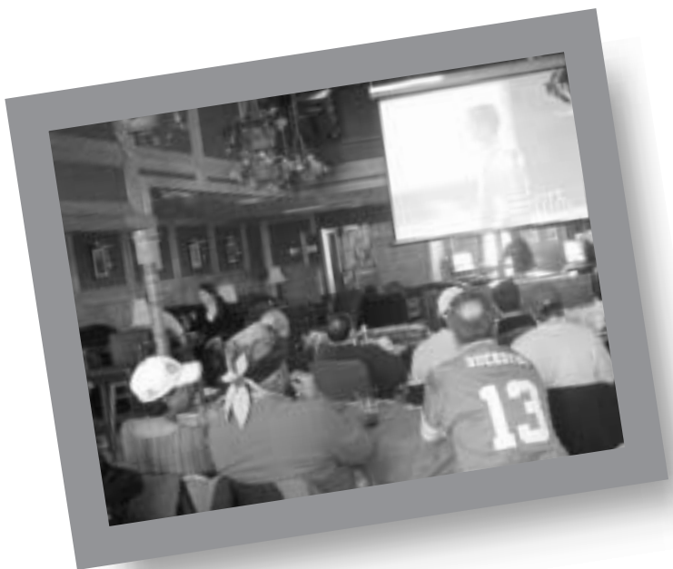
Ohio State fans cheer on our men's basketball team at the recent Ohio State v. Michigan gamewatch at the Pour House in Washington.

Ohio State alumni met up with alumni from "that school up North" to watch the Ohio State v. Michigan basketball game on February 29. Though the Bucks came out on the losing end, it was a good game and was enjoyed by Buckeyes and Wolverines alike.
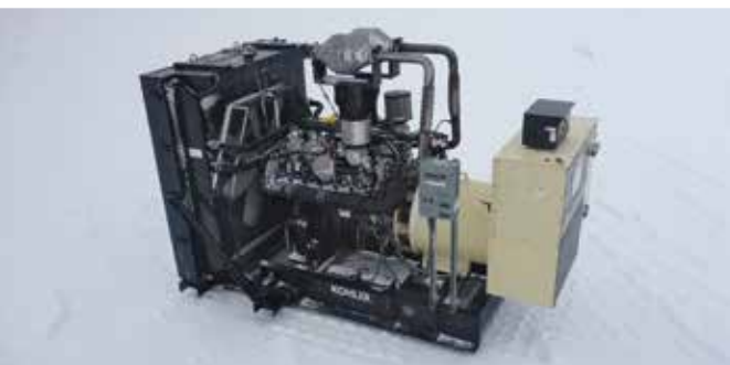
Kohler 400REZX 260 KW
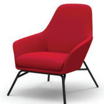
2501 Lounge Black Base 31.5" W x 30.75" D x 38" H
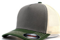
OLIVE GREEN+CHARCOAL +KHAKI 5349
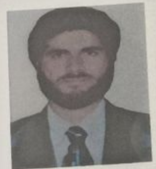
Photograph of the bearer

DOCTOR OF PHILOSOPHY Environmental Science
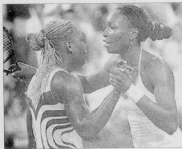
The Williams sisters after a grueling face-off. Venus Williams (right) proudly holds up her U.S. Open Cup while Serena looks on.

She earned it with an 103 mph average first serve, five mph faster than Serena Williams.
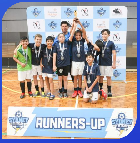
Awards Ceremony with trophies and medals to honor all achievements
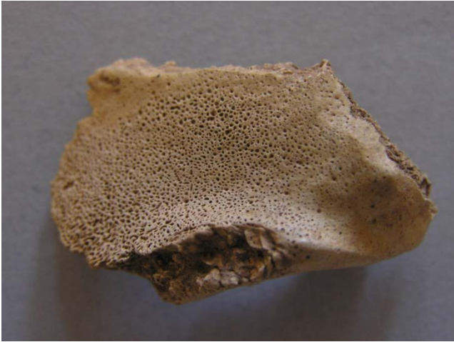
Fig. 29. Skel. 011. Porotic lesions on the sphenoid bone associated with scurvy
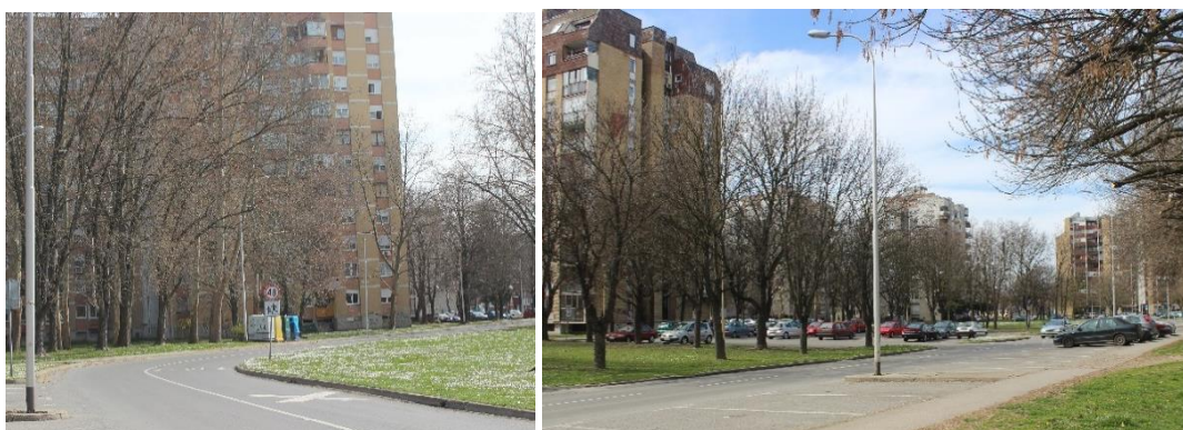
Figure 6 The settlement of Sjenjak
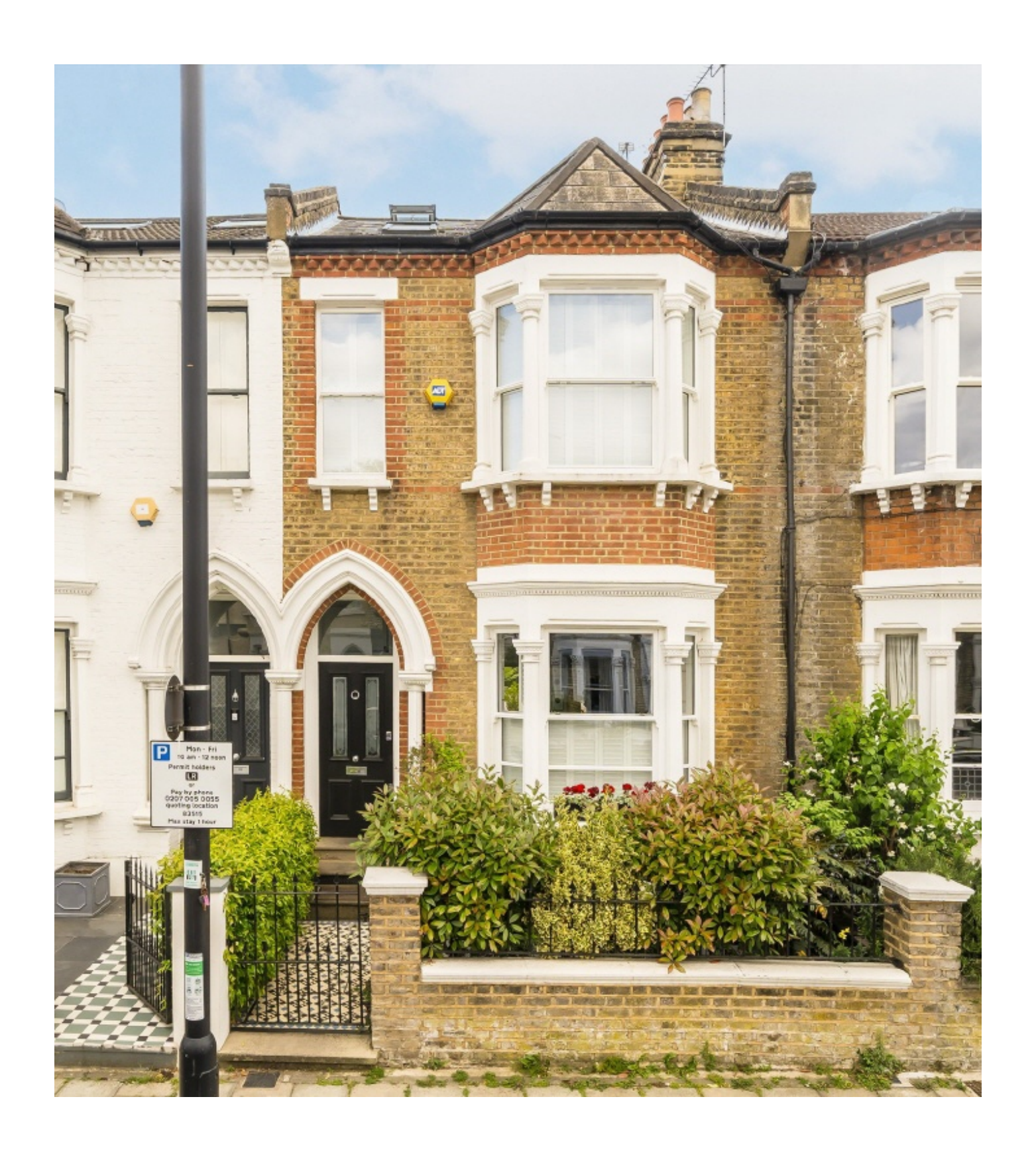
Abbeville Road, SW4 £2,100,000
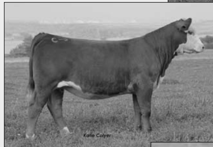
R98 DAUGHTER ... C KLC R98 MISS MILES 4028 ET
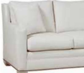
BROOKFORD (657) Classic Scale: 22" Seat Depth

Greek Key Arm, To The Front Cushion, Welted* Border Back/Border Cushion, 20" Throw Pillows ( welted square corner )
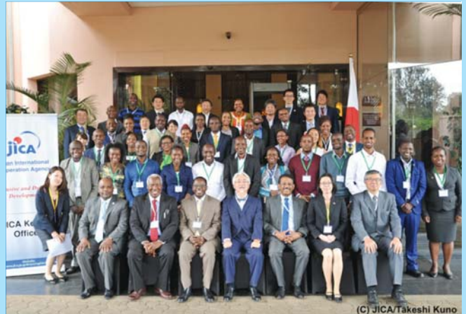
ABE 4 th Batch Send-Off Ceremony

And now, this is also the time to encourage the returnees to contribute the aim of ABE as a bridge between two countries in various ways. JICA Kenya will closely follow them up to strengthen our linkage.
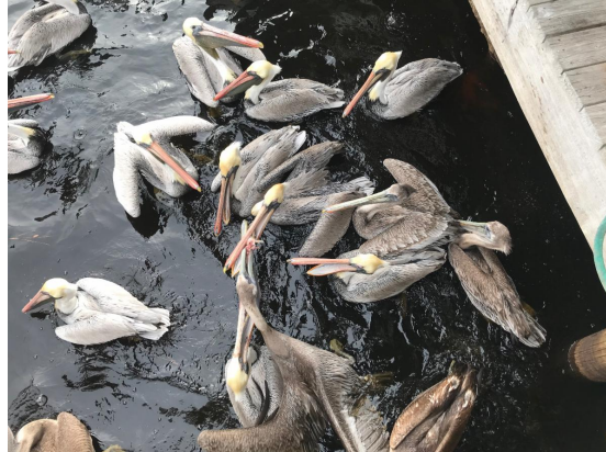
Pelicans fighting over fish scraps.
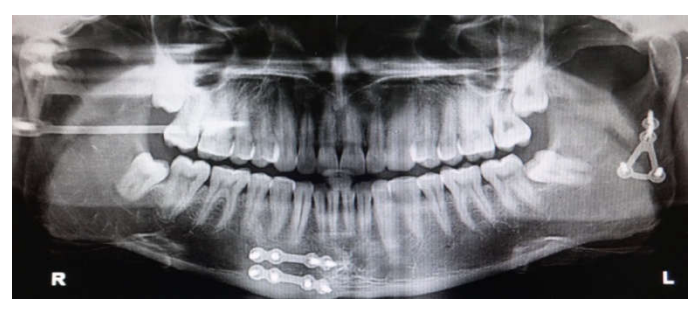
Fig 2 OPG showing fracture reduction with Delta plate

Postoperative radiological examinations were carried out with OPG (Fig.2 and Fig. 3) and Open mouth Reverse Towne's view to examine the progress of bony consolidation, quality of anatomical restoration and mechanical failures of the osteosynthesis material (degree of secondary displacement, loss of ramus height, plate fracture/bending and loosening of the screws).
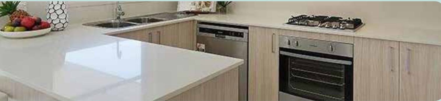
Dishwasher in Kitchen
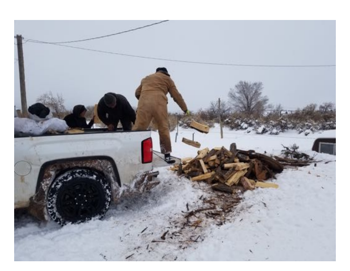
OS -- VP

Breaking through about 10" of snow. — at Lukachukai Chapter Government
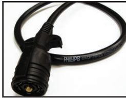
➤ Sealed Wiring Harness
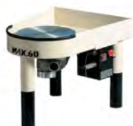
"For the beginner and expert in ceramics & pottery"
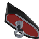
Bolt Mount with Adhesive Pad

The MULTIMAX FV antenna builds on the best in class RF performance, leading design features, and extended operational life of our highly successful Fleet and Public Safety Antenna products. This new product line also offers a rugged low-profile design which gives you greater protection against all the natural hazards a vehicle faces including vibration, hot, cold, ice, salt, dirt, car washes, and tree branch sweeps. Our antennas typically outlast the life of a vehicle.
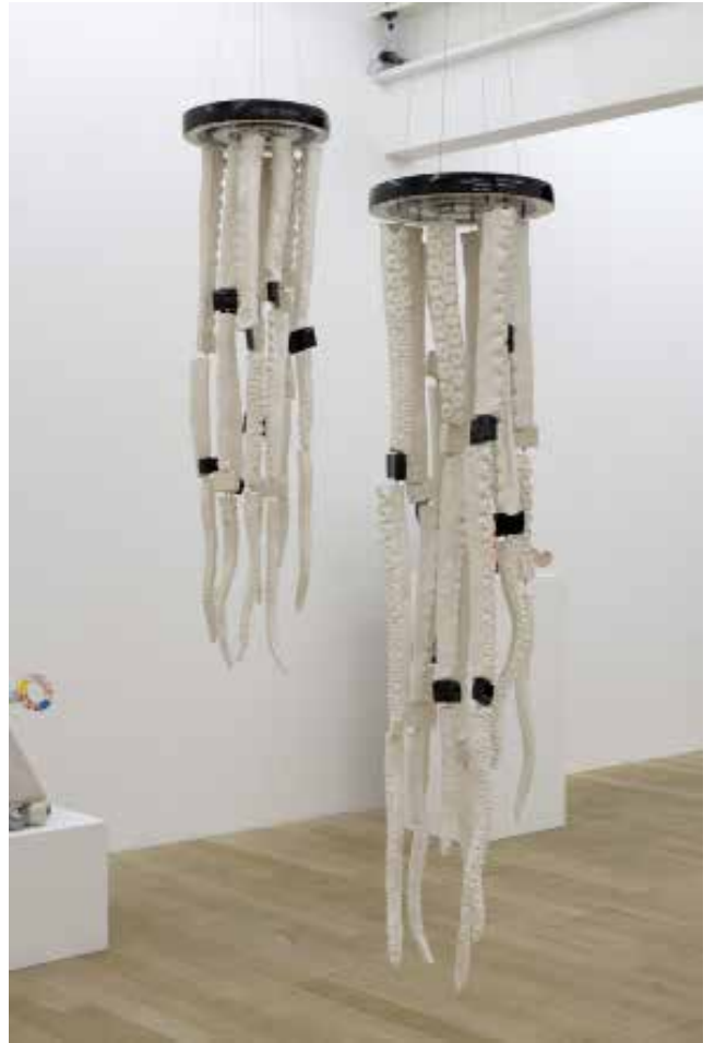
Exhibition views: "Zurich & elsewhere", Gallery Carlos/Ishikawa, London, 2015

───

Each line of the entries above that contains "also" must be copied into the answer.

And now, this is also the time to encourage the returnees to contribute the aim of ABE as a bridge between two countries in various ways. JICA Kenya will closely follow them up to strengthen our linkage.
The MULTIMAX FV antenna builds on the best in class RF performance, leading design features, and extended operational life of our highly successful Fleet and Public Safety Antenna products. This new product line also offers a rugged low-profile design which gives you greater protection against all the natural hazards a vehicle faces including vibration, hot, cold, ice, salt, dirt, car washes, and tree branch sweeps. Our antennas typically outlast the life of a vehicle.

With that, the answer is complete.